# [RECORDS SUPPLIED]
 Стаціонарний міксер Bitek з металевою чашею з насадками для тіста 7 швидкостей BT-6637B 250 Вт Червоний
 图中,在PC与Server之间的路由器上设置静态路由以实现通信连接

...

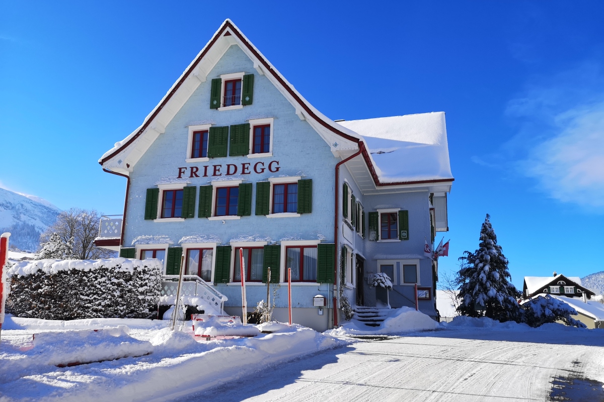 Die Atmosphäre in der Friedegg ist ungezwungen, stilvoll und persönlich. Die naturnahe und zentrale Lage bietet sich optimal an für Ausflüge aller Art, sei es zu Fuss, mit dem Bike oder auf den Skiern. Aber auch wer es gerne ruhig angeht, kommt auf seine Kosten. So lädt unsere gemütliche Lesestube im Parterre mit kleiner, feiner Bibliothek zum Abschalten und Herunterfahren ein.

# [TASK TO COMPLETE]
Within the material above, output exactly the lines from the one with "Стаціонарний міксер Bitek" through the one with "图中,在PC与Server之间的路由器上设置静态路由以实现通信连接", end lines included, and nothing besides.

# [REPLY TO THE TASK]
 Стаціонарний міксер Bitek з металевою чашею з насадками для тіста 7 швидкостей BT-6637B 250 Вт Червоний
 图中,在PC与Server之间的路由器上设置静态路由以实现通信连接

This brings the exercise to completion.